HUSH/MORC2 facilitate H3K9me3 at their L1 targets for transcription repression.

a. Concordant subset (~1%) of (n = 111,499) H3K9me3 sites in the genome lose H3K9me3 signal in MORC2 KO, MPP8 KO and TASOR KO K562 clones. Two independent lines each for WT, MORC2KO, TASOR KO, MPP8 KO. Plotted is log2 fold change in H3K9me3 ChIP signal in TASOR KO relative to Ctrl (x-axis) and log2 fold change in H3K9me3 ChIP signal in MORC2 KO relative to Ctrl (y-axis). Points are color coded with blue sites having significant H3K9me3 loss in MPP8 KO, red sites significantly gaining the signal in MPP8 KO, while gray have no detectable change. Sites that significantly lose H3K9me3 signal in KO line are more likely to have corresponding loss in other KO lines. Odds ratios: 26.23 with 95% confidence intervals (CI) [23,66, 29.10] for MORC2 versus MPP8; 21.70 with 95% CI [19.75, 23.83] for TASOR versus MPP8; 122.53 with 95% CI [109.21, 137.43] for TASOR versus MORC2. P = 0 each case, two-sided Fisher’s exact test.

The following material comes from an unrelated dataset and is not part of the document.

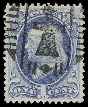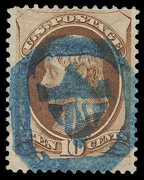 Shield in Octagonal Frame. Of Chicago Ill., perfect bold blue strike cancels 10¢ brown (150), Extremely Fine strike. Cole No. SH-113; Estimate $150 - 200. US$150-200 (Image)

b. Genomic sites that exhibit the strongest loss of H3K9me3 in MORC2, MPP8 or TASOR KOs are preferentially L1 occupied by these factors. Boxplots of log2 fold change in H3K9me3 relative to Ctrl for MPP8 KO (left), MORC2 KO (center) and TASOR KO (right). Box plots show median and interquartile range (IQR), whiskers are 1.5× IQR. MPP8 and MORC2 bound L1s show significant loss of H3K9me3 (p-values, two-sided Mann-Whitney-Wilcoxon test).

c. Averaged distribution of H3K9me3 ChIP-seq signals in Ctrl and KO K562 clones over the host genes that contain the MORC2-targeted intronic full-length L1s, centered on the transcription start site (TSS) of the host genes.

d. Genome browser showing MORC2 binding at the intronic full-length L1Hs within CDH8 in both K562 and hESCs. Experiment was repeated once with similar results.

e. Genome browser showing MORC2 binding at the intronic full-length L1PA2 within DNAH3 in both K562 and hESCs. Experiment was repeated once with similar results.

f. Depletion of MORC2/HUSH increases the expression of CDH8 in both K562 (n = 2 biological replicates × 3 technical replicates) and hESCs (n = 3 technical replicates), as measured by RT-qPCR assay. The CDH8 expression level was normalized to beta-actin mRNA. All samples were then normalized to Ctrl sample. Center value as median.

g. Depletion of MORC2/HUSH increases the expression of DNAH3 in both K562 (n = 2 biological replicates × 3 technical replicates) and hESCs (n = 3 technical replicates), as measured by RT-qPCR assay. The DNAH3 expression level was normalized to beta-actin mRNA. All samples were then normalized to Ctrl sample. Center value as median.

Extended Data Figure 10.

HUSH/MORC2 binding at intronic L1s results in the decreased expression of active host genes.

a. Genome browser tracks illustrating loss of HUSH/MORC2 causing decreased H3K9me3 over the intronic L1PA5 element and concomitant increase in the expression of host gene RABL3. Experiment was repeated once with similar results.

b. Loss of HUSH/MORC2 leads to increased Pol II signals at 5’UTR and decreased Pol II signals within L1 bodies at HUSH-bound L1PA elements (orange bars). Heatmaps show Pol II density change in KO K562 clones compared to Ctrl, centered on the L1 5’ end and sorted by MPP8 ChIP signal.

c. Deletion of the intronic L1 within RABL3 causes increased RABL3 expression. Upper panel: an agarose gel analysis of the PCR assay with primers flanking the HUSH/MORC2-bound intronic L1; two experiments repeated independently with similar results. Lower panel: RT-qPCR analysis of RABL3 expression. The RABL3 expression level was normalized to beta-actin mRNA. All samples were then normalized to wild-type sample. n = 2 biological replicates × 3 technical replicates (center value as median).

d. Depletion of MORC2, MPP8, TASOR increases RABL3 expression. RT-qPCR data normalized as in panel c). n = 2 biological replicates × 3 technical replicates (center value as median).